I wait for another word—another insult. Finally I say, You can use me to brew up again. We’ve got no one coming.
Brew up again, Kate instructs me with a nod of the head.
I aim to please. Do I say this or only think of saying it? Not sure. There are bare things I think I say, sometimes, and I never do. Bare things I never say but imagine otherwise. I wish I could be a doctor, to look at my own head.
Miss Thistle? You’ve got power.
I’m not sure I would go that far, Billy, she replies.
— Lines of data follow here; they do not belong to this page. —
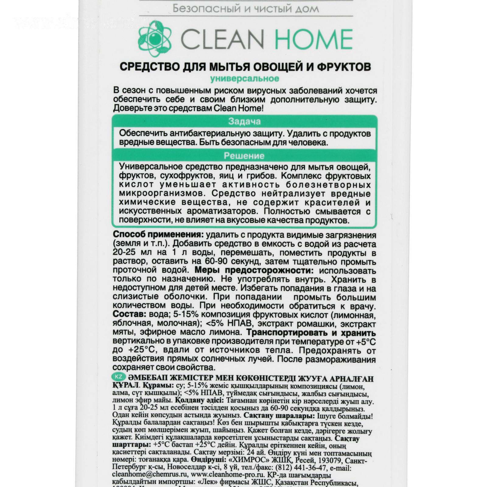 Средство для мытья овощей и фруктов Clean Home, антибактериальное, 200 мл
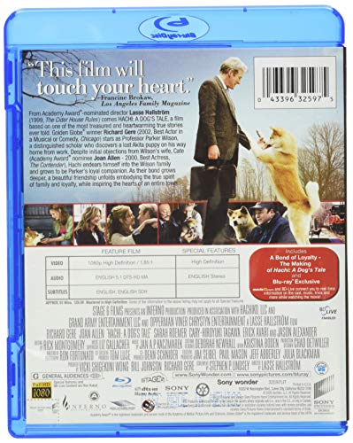 Amazon.com Based on a true story from Japan, Hachi: A Dog's Tale is a moving film about loyalty and the rare, invincible bonds that occasionally form almost instantaneously in the most unlikely places. College professor Parker Wilson (Richard Gere) finds a young Akita puppy that's been abandoned at the local train station, and he's instantly captivated by the dog. Assuming the dog's owner will return to the train station to claim him in the morning, Parker takes the puppy home overnight. But when no one comes to get the dog, Parker convinces his wife, Cate (Joan Allen), to welcome him as part of the family. He dubs the puppy Hachiko--Hachi, for short--because of the Japanese symbol for good luck that's hanging from his collar. Hachi is a somewhat peculiar dog that refuses to learn to fetch or master other people-pleasing tricks, but he is a faithful companion and friend to Parker, alerting him of potential dangers and accompanying him to the train station each morning and meeting him there after his return trip each evening. An unforeseen event will continually test Hachi's devotion. This film is neither overwrought nor sappy; it is heartfelt and immensely powerful despite its tendency to drag in a few places. Prepare to be moved to tears by this beautiful, seemingly simple film--it's about so much more than just the relationship between a man and his dog. --Tami Horiuchi Product Description From Academy Award®-nominated director Lasse Hallström (2000, The Cider House Rules) comes HACHI: A DOG’S TALE, a film based on one of the most treasured and heartwarming true stories ever told. Golden Globe winner Richard Gere (2002, Best Actor in a Musical or Comedy, Chicago) and Academy Award® nominee Joan Allen (2000, Best Actress, The Contender) star in this inspiring true story.
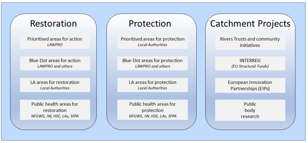 Each area for action will have a designated lead such as LAWPRO, a local authority, the National Federation of Group Water Schemes, Inland Fisheries Ireland etc. This approach aims to capture all the water quality improvement work that is happening across the country. This approach will also align actions being carried out for other purposes with the objectives of the RBMP, where possible, so that synergies can be identified, and multiple benefits can be achieved.
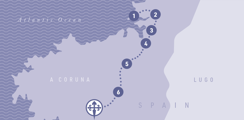 This stage leads you through peaceful forests and timeless medieval villages before reaching the seaside town of Mino. The route then continues toward Betanzos, offering magnificent views of the estuary and its marshlands. Entering the town across a historic stone bridge, you'll find yourself in the former provincial capital and home to the Andrade family. Here, you'll be amazed by the striking Gothic buildings and medieval charm. Be sure to try to the towns famed delicacy, the tortilla de Batanzos an take time to stroll along the scenic banks of the estuary.

I’m not like some of the other lads in this nick, I’ve come to realise. Some of the other lads reach their most eloquent and dramatic turns of phrase at the point of maximum vulnerability: when their backs are against the wall. Me, I’m different. In the possession of price-raised information, I’ve realised, I’m a veritable Camus or Sartre. I know my shit. So I say:
I think you are, Miss. Either Governor Glazer or Governor Manners has okayed you to be in sole charge of a perpetrator of a violent crime. I stabbed-
I know. You stabbed someone in the arm.
So what’s the arrangement? I want to know.
I’m not sure I follow you, Billy, Kate replies—and I like her style.
What do I get for helping you out? I ask slowly.
What do you think I can give you?
My pace is calm; my tone pure buttermilk and whipped yoghurt. Temperament-wise, I’m a fucking dessert. I want to be bruleed. Toasted in brandy, innit.
A meeting with Dott, I reply.
Swiftly on the defensive, Kate informs me she’s not certain she can swing that one around. I tell her she can, if she wants to. It’s my only hope.
I’ll see what I can do, she tells me after a longish pause. Would this do in the meantime? A visit.
To where?
To his cell in the Seg. His TV magazine.
Has he ordered one? I ask.
Yes. It would normally go to his cell on the Puppydog Wing—he paid in advance for the month—but it’s worth a Try. Why are you smiling?’
I like it, I confess. Like rubbing salt in the wound.
I don’t follow, Billy.
We’ll be giving him a TV mag in a place where he’s explicitly forbidden to watch TV, I tell her. It’s beautiful.
It’s not quite what I had in mind.
I’m still smiling. But then again, Miss, I say, you don’t have my mind.
Which point, the scary thing happens. Kate Thistle responds with:
No. No, I don’t. Not yet.
What was that nonsense I heard about you slapping your bird? I am asked.
His name is Screw Oates. I have mentioned him before but the names don’t really matter. We’re deaf to prison officers’ names, half the time. (Maybe you are as well.) They’re not deaf to ours but we’re deaf to theirs. And it’s not just the yoots who are immune to the charms of screws’ monikers. In the past I have overheard the occasional conversation between members of the Education Department, in which one will admit to another that he or she doesn’t know the name of the screw on the landing corridor with them. Consider that. You’re in a room of convicted killers, say, and your guard’s your best shot if something kicks off. And you don’t even possess the civil and self-preservative courtesy of learning the cunt’s name.
Anyway. Oates is my unofficial guide around the Dellacotte grounds as I hump my day-glo sack of reading goodies to the wankers and the nice guys. Don’t usually qualify for a chaperone, but after the slapping incident, they’re covering their arses so thickly it looks like pork rind.
She stole my money, sir, I reply accurately.
How much?
We’ve reached the Segregation Unit. It’s ugly how the feelings from such a recent encounter with the god-forsaken place rear up in me now.
Eighteen grand, sir.
Oates turns to me as he uses the first of his two keys to get us in there, out of the murmuring rain.
Eighteen grand. He even whistles.
Yes, Gov.
I would’ve killed her, Alfreth. Get in there. Do what you need to do.